To help working groups focus on the analysis, rather than methodology, the LTER Network Office hired two data analysts, Angel Chen and Nick Lyon, in 2021. They tackle short but critical wrangling tasks during working groups’ in-person meetings, grind away at long-running bits of analysis from afar, and teach critical collaborative and technical skills to facilitate easier collaboration within groups. The result is that working groups spend less time bogged down in technical troubleshooting and more time thinking about, analyzing, and orchestrating novel science.

In the storm

For most groups, Nick and Angel first reveal their utility while sitting in on four day working group meetings at NCEAS, which houses the LTER Network Office.

For example, when the Drought Effects synthesis group met in September 2022, Nick and Angel sat in on every hour of the meeting. “We’re listening, we’re paying attention, and they start asking questions like ‘What would be a good figure to visualize this?’” recounts Nick. “And then Angel or I would chime in and say, ‘oh, well, you know, you could make a violin plot and it would let you see distribution and also sample size,” and suddenly the analysts are put to work.

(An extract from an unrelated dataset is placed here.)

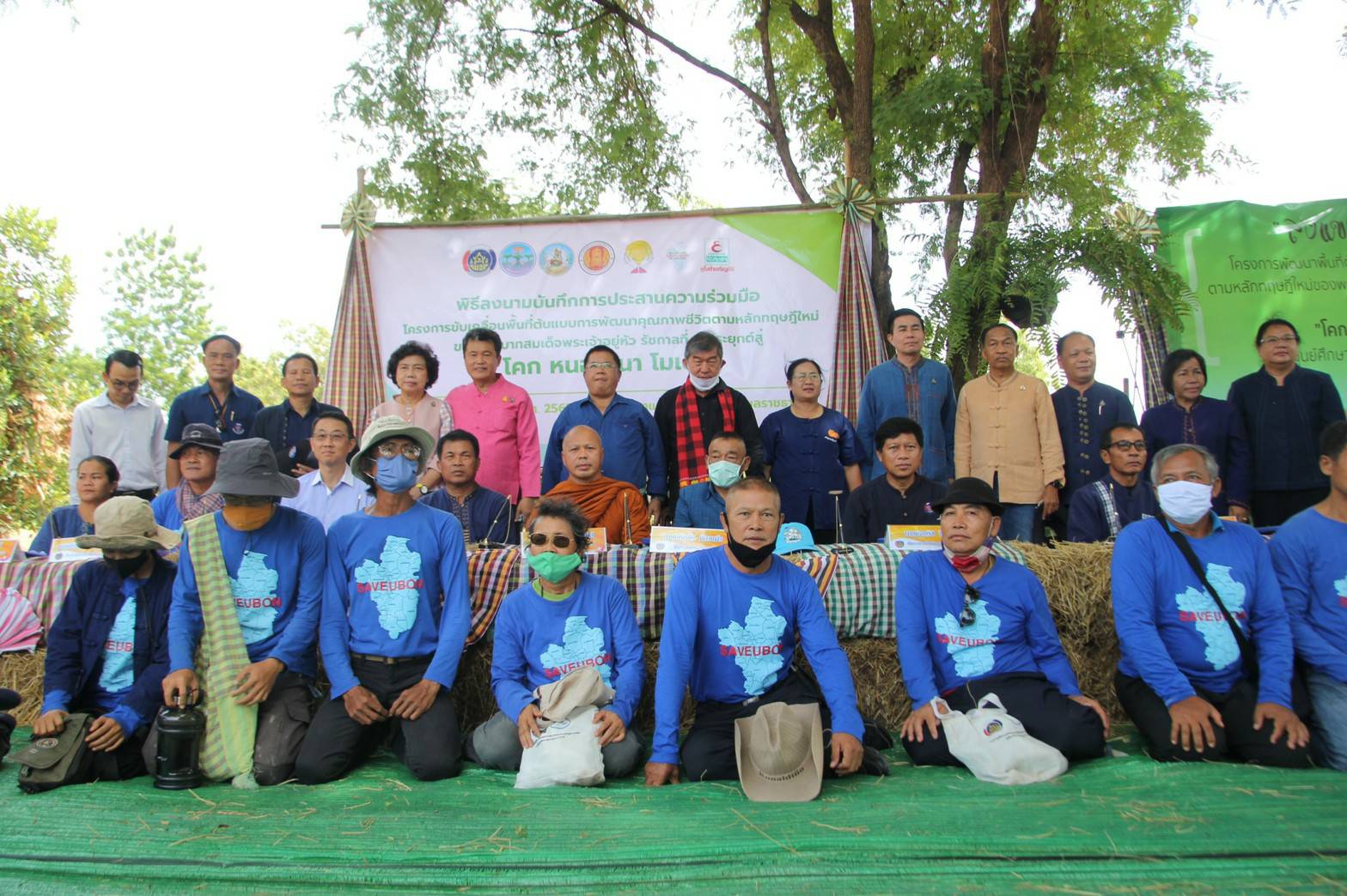 ทั้งนี้ มีการลงนามความร่วมมือ (MOU) ระหว่าง พระครูสุขุมวรรโณภาส เจ้าอาวาสวัดวังอ้อ เจ้าคณะตำบลหัวดอน ในฐานะผอ.ศูนย์พุทธธรรมสมเด็จพระมหาธีราจารย์ จ.อุบลราชธานี นายเกริกชัย ผ่องแผ้ว ปลัดจ.อุบลราชธานี นายพันมหา ทองบ่อ ผอ.พัฒนาที่ดินจ.อุบลราชธานี นางราตรี สะดีวงศ์ รองผอ.วิทยาเกษตรและเทคโนโลยีอุบลราชธานี นายสมชาติ พงคพนาไกร กรรมการผู้จัดการบริษัท คูโบต้าเจริญชัย นายศุกดิ์ชัย บุญญะบาล ประธานเครือข่ายกสิกรรมธรรมชาติอุบลราชธานี เพื่อขับเคลื่อนโครงการฯร่วมกันด้วย

The Ecosystem Transitions working group kicks off their four-day in-person meeting by meeting with the analysts.

A major benefit of having two dedicated analysts on call is that groups can partition them off to complete tasks while continuing to do the conceptual work of synthesis. And while plotting is a relatively light lift, other tasks might require more attention.

For example, when the Plant Reproduction synthesis group realized their compiled dataset was missing a key metric, seed mass for each species, they called on the analysts. “They were like, ‘okay, we have over 100 species and we need to find all of their seed masses’”, says Nick. “And so we found a database that includes this information and we queried it for all of those species.”

By the following afternoon, their dataset had the required information—and the other group members kept cranking through their other work in the meantime. “It made everything so much more efficient to have them there,” says Jalene LaMontagne, lead PI of the Plant Reproduction synthesis group.

And because there are two data analysts onboard, the analysts themselves can split up and partition their time during the meetings. The Plant Reproduction group, for example, broke into several small groups to tackle two aspects of their project during their in-person week in October 2022. While Nick was wrangling the plant data, Angel sat with another group developing a data processing script. “If they ever ran into issues, then I could just be there to help them in real time,” she says.

Through the doldrums

In-person meetings are short, and split by long-periods of remote work for the groups. In these between periods, analysts can tackle daunting analytical tasks. By applying full-time effort, they speed through tasks that might take a group with variable schedules and commitments much longer to complete.

Nick and Angel work on a coding issue during a working group meeting while the rest of the group tackles other work. The analysts allow groups to partition labor, leading to more efficient meetings.

For example, the Silica Synthesis working group had silica export data from rivers around the globe, a huge dataset compiled during their in-person meeting. They needed a way to compare trends between all the rivers across time, a convoluted analysis with quite a few moving parts—but had months before their next in-person meeting.

They put the analysts on the task. After an in-depth meeting that honed in on exactly what kind of analysis the group needed, Nick split off and developed a workflow that achieved their goals over the course of a week. The resulting workflow—a breakpoint analysis with several factors that group members could manipulate—meant that the group could start playing with data, rather than spending time mired in methodological purgatory.

Nick packaged the workflow in a convenient R package. This package, accessible through GitHub, guaranteed that each member of the working group could instantly access the latest version of the script. Then, he created a document walking through the workflow, including instructions on how group members can alter the parameters to suit their own analytical needs.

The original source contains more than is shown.